To prove:
[tex]$\frac{1}{1-\cos x}-\frac{\cos x}{1+\cos x}=2 \cot ^{2} x+1[/tex]
Solution:
[tex]$LHS = \frac{1}{1-\cos x}-\frac{\cos x}{1+\cos x}[/tex]
Multiply first term by [tex]\frac{1+cos x}{1+cos x}[/tex] and second term by [tex]\frac{1-cos x}{1-cos x}[/tex].
[tex]$= \frac{1(1+\cos x)}{(1-\cos x)(1+\cos x)}-\frac{\cos x(1-\cos x)}{(1+\cos x)(1-\cos x)}[/tex]
Using the identity: [tex](a-b)(a+b)=(a^2-b^2)[/tex]

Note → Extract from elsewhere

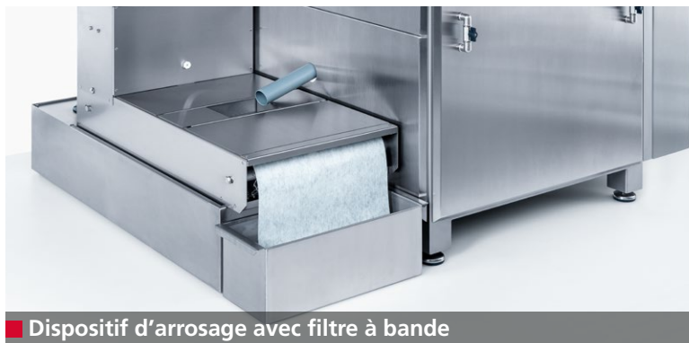
■ Dispositif d'arrosage avec filtre à bande

La W 40 est entièrement hermétique. Toute mise en marche involontaire d'un entraînement lorsque la porte est ouverte est impossible. L'unité d'aspiration intégrée permet d'évacuer le brouillard formé par les poussières d'affûtage dans la chambre de travail. On garde ainsi une très bonne visibilité sur le processus d'affûtage. Les voies respiratoires de l'opérateur sont ainsi protégées.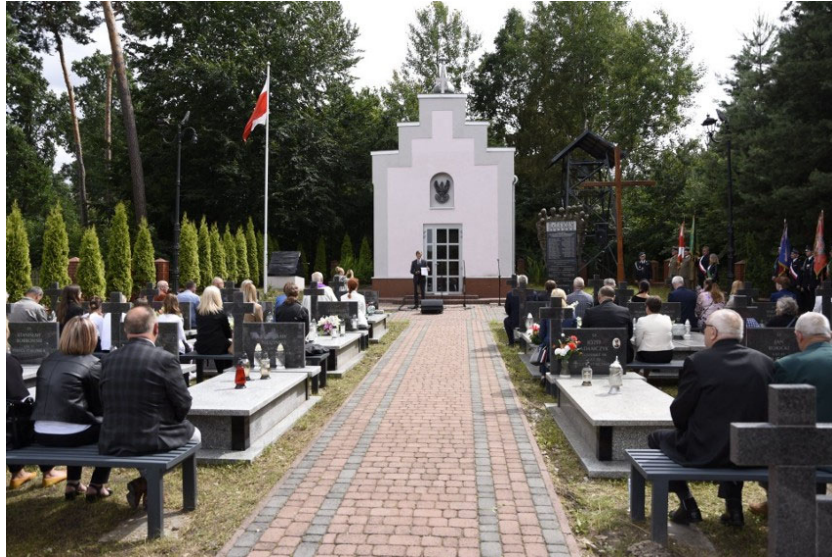
Cmentarz Ofiar Egzekucji z 1944 roku

W latach 2018-2021 odremontowano cztery budynki na Osiedlu Drewnianym poprzez wymianę stolarki okiennej i drzwiowej, docieplenie stropów i ścian zewnętrznych, wykonanie nowego deskowania elewacji. Na trzech blokach wymieniono także pokrycie dachowe na nowe. Koszt inwestycji wynosił 2 361 803,60 zł. W ostatnich latach został również odremontowany zespół kościoła parafialnego w Sędziszowie.

[tex]$= \frac{1+\cos x}{(1^2-\cos^2 x)}-\frac{\cos x-\cos^2 x}{(1^2-\cos^2 x)}[/tex]
Denominators are same, you can subtract the fractions.

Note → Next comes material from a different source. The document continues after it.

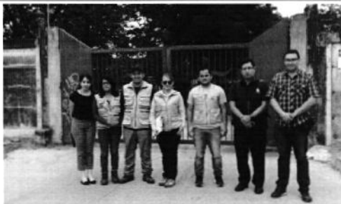
Foto 1. Fotografía de los asistentes del día miércoles 19 de Octubre a la PTAR de Interagua. Los asistentes fueron representantes de: La denunciante, Laboratorio Inamhi, MAE, MSP y ARCA.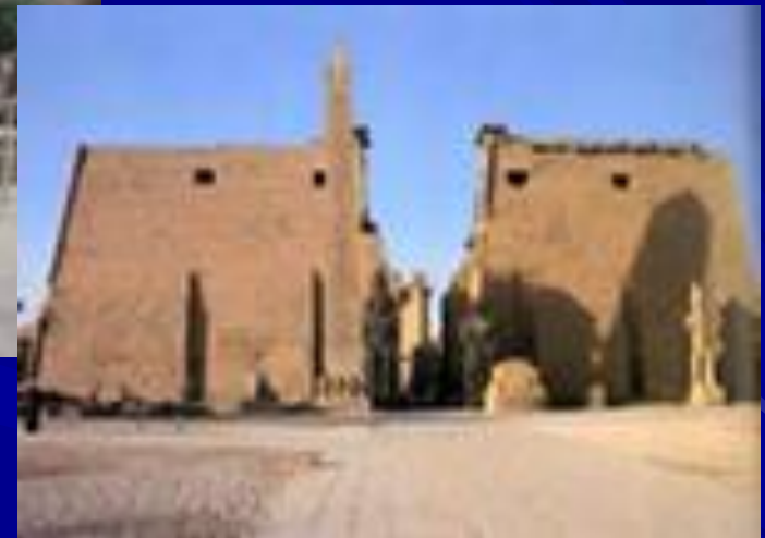
Храм бога Амона Ра в Луксоре

[tex]$= \frac{1+\cos x-\cos x+\cos^2 x}{(1^2-\cos^2 x)}[/tex]
Using the identity: [tex]1-\cos ^{2}(x)=\sin ^{2}(x)[/tex]
[tex]$= \frac{1+\cos^2 x}{\sin^2x}[/tex]
Using the identity: [tex]1=\cos ^{2}(x)+\sin ^{2}(x)[/tex]
[tex]$=\frac{\cos ^{2}x+\cos ^{2}x+\sin ^{2}x}{\sin ^{2}x}[/tex]
[tex]$=\frac{\sin ^{2}x+2 \cos ^{2}x}{\sin ^{2}x}[/tex] ------------ (1)
[tex]RHS=2 \cot ^{2} x+1[/tex]
Using the identity: [tex]\cot (x)=\frac{\cos (x)}{\sin (x)}[/tex]
[tex]$=1+2\left(\frac{\cos x}{\sin x}\right)^{2}[/tex]
[tex]$=1+2\frac{\cos^{2} x}{\sin^{2} x}[/tex]
[tex]$=\frac{\sin^2 x + 2\cos^{2} x}{\sin^2 x}[/tex] ------------ (2)
Equation (1) = Equation (2)
LHS = RHS
[tex]$\frac{1}{1-\cos x}-\frac{\cos x}{1+\cos x}=2 \cot ^{2} x+1[/tex]
Hence proved.